Dataset section>
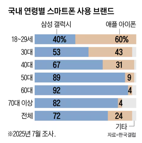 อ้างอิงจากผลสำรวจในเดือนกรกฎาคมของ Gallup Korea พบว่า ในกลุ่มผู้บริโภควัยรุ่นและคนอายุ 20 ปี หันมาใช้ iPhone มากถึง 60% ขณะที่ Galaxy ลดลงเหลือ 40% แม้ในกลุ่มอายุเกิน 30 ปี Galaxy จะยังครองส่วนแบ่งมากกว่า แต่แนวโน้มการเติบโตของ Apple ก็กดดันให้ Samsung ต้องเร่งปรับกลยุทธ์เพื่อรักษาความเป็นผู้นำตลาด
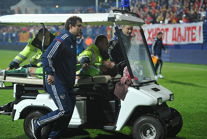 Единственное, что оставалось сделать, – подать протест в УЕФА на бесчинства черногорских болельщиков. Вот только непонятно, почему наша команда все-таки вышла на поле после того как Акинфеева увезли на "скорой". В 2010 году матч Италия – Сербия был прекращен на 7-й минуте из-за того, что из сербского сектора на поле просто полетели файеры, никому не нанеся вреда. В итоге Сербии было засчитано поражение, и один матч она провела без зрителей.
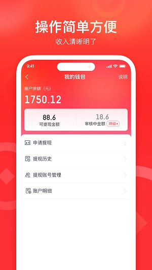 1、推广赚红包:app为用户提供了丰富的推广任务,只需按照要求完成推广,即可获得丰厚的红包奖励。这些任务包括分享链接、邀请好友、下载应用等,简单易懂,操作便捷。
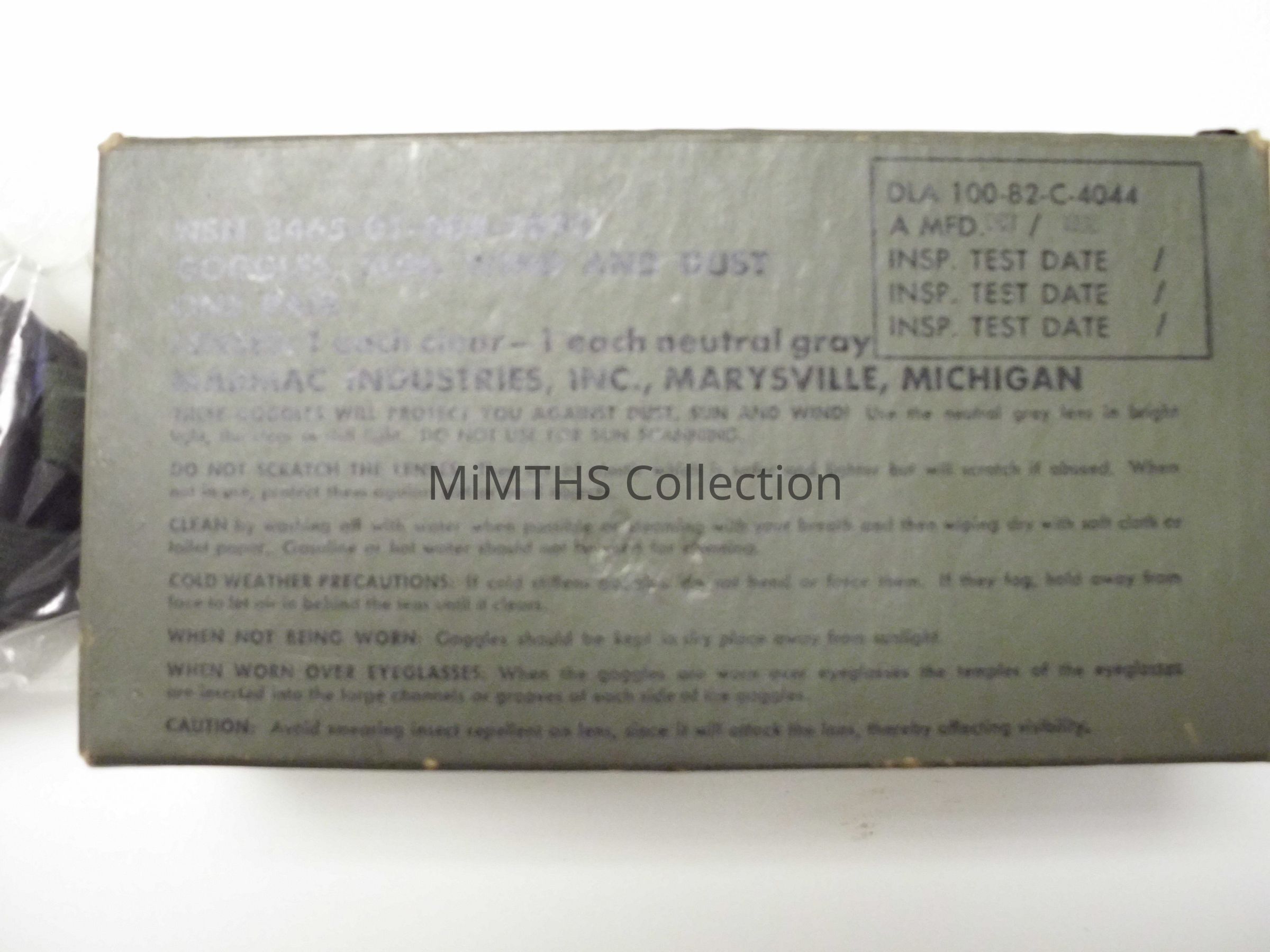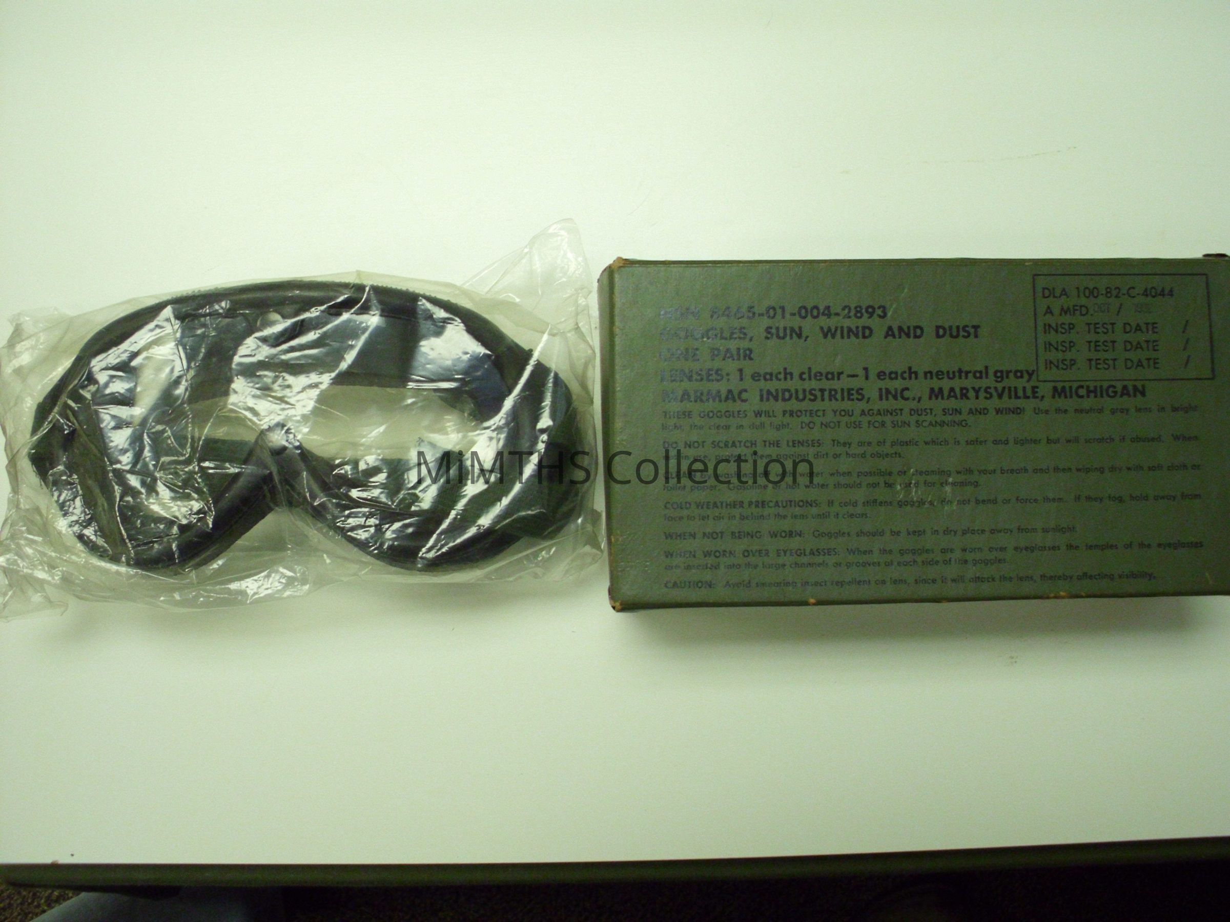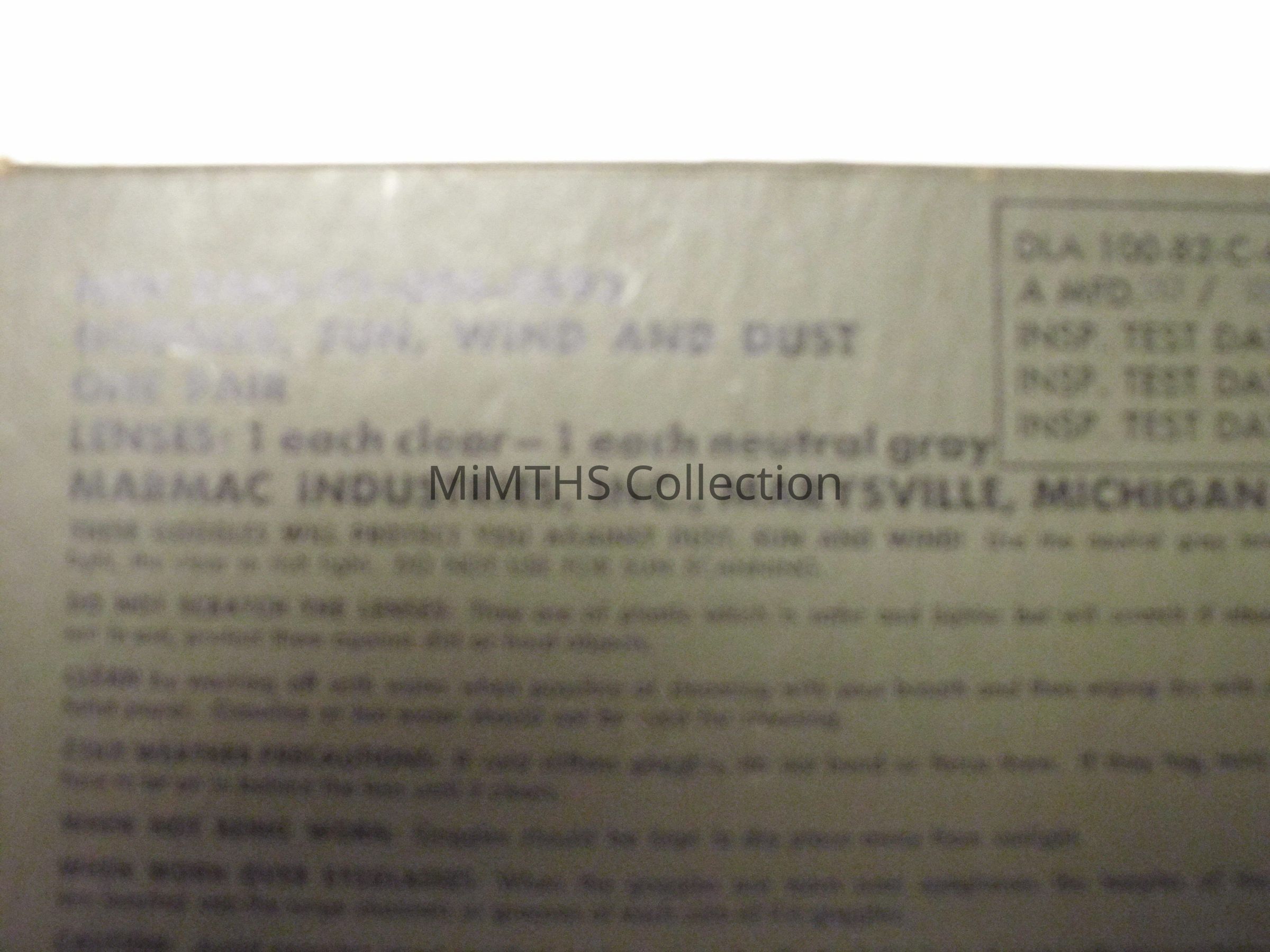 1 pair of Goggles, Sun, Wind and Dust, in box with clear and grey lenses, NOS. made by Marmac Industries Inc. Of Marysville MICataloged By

What this task involves> Write out the whole listing above exactly; do not include the pictures.

Response to this task>
 อ้างอิงจากผลสำรวจในเดือนกรกฎาคมของ Gallup Korea พบว่า ในกลุ่มผู้บริโภควัยรุ่นและคนอายุ 20 ปี หันมาใช้ iPhone มากถึง 60% ขณะที่ Galaxy ลดลงเหลือ 40% แม้ในกลุ่มอายุเกิน 30 ปี Galaxy จะยังครองส่วนแบ่งมากกว่า แต่แนวโน้มการเติบโตของ Apple ก็กดดันให้ Samsung ต้องเร่งปรับกลยุทธ์เพื่อรักษาความเป็นผู้นำตลาด
 Единственное, что оставалось сделать, – подать протест в УЕФА на бесчинства черногорских болельщиков. Вот только непонятно, почему наша команда все-таки вышла на поле после того как Акинфеева увезли на "скорой". В 2010 году матч Италия – Сербия был прекращен на 7-й минуте из-за того, что из сербского сектора на поле просто полетели файеры, никому не нанеся вреда. В итоге Сербии было засчитано поражение, и один матч она провела без зрителей.
 1、推广赚红包:app为用户提供了丰富的推广任务,只需按照要求完成推广,即可获得丰厚的红包奖励。这些任务包括分享链接、邀请好友、下载应用等,简单易懂,操作便捷。
 1 pair of Goggles, Sun, Wind and Dust, in box with clear and grey lenses, NOS. made by Marmac Industries Inc. Of Marysville MICataloged By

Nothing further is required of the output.